**Records supplied:**
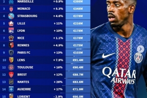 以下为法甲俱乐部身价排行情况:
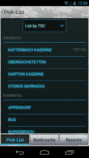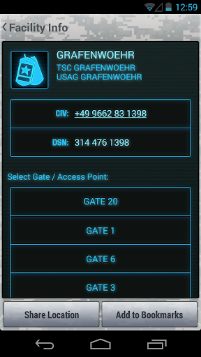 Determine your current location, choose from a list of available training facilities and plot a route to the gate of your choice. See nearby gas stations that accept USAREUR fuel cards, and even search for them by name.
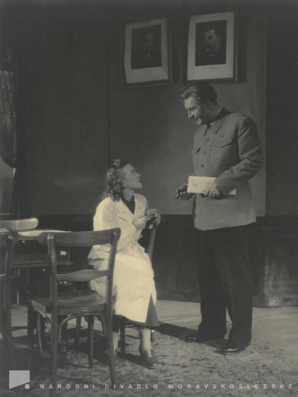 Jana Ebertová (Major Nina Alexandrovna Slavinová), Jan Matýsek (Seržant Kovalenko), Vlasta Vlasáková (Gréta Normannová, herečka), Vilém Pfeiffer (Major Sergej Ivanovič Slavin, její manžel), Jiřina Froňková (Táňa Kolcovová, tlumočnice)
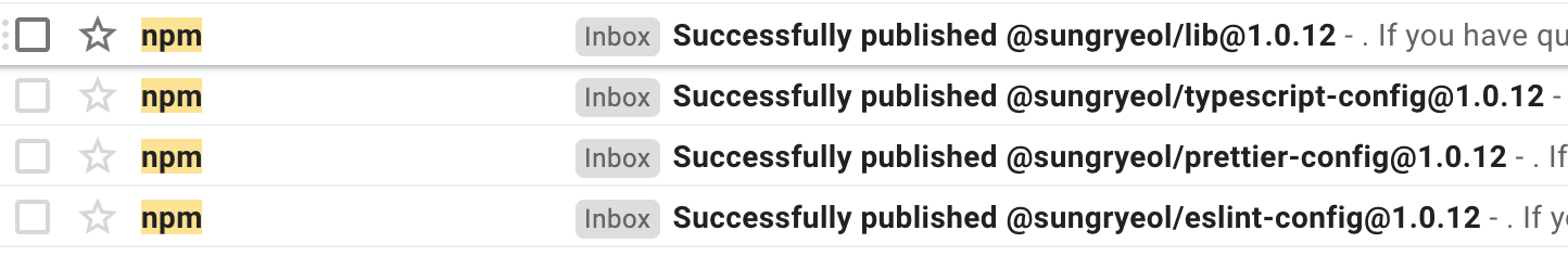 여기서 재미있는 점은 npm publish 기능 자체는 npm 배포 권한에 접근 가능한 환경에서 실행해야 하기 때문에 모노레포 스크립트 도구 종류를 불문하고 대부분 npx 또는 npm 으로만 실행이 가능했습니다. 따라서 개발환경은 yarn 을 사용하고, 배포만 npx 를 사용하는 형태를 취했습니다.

* * *

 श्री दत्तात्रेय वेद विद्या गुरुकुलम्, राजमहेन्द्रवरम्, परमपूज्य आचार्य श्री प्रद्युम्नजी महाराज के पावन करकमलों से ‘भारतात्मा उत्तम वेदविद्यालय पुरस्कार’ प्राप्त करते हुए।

**Assignment:**
Beginning with the line above that has "Jana Ebertová (Major" and going on through the line that has "여기서 재미있는 점은", retype every line exactly and add nothing else; drop the pictures.

**Exercise answer:**
 Jana Ebertová (Major Nina Alexandrovna Slavinová), Jan Matýsek (Seržant Kovalenko), Vlasta Vlasáková (Gréta Normannová, herečka), Vilém Pfeiffer (Major Sergej Ivanovič Slavin, její manžel), Jiřina Froňková (Táňa Kolcovová, tlumočnice)
 여기서 재미있는 점은 npm publish 기능 자체는 npm 배포 권한에 접근 가능한 환경에서 실행해야 하기 때문에 모노레포 스크립트 도구 종류를 불문하고 대부분 npx 또는 npm 으로만 실행이 가능했습니다. 따라서 개발환경은 yarn 을 사용하고, 배포만 npx 를 사용하는 형태를 취했습니다.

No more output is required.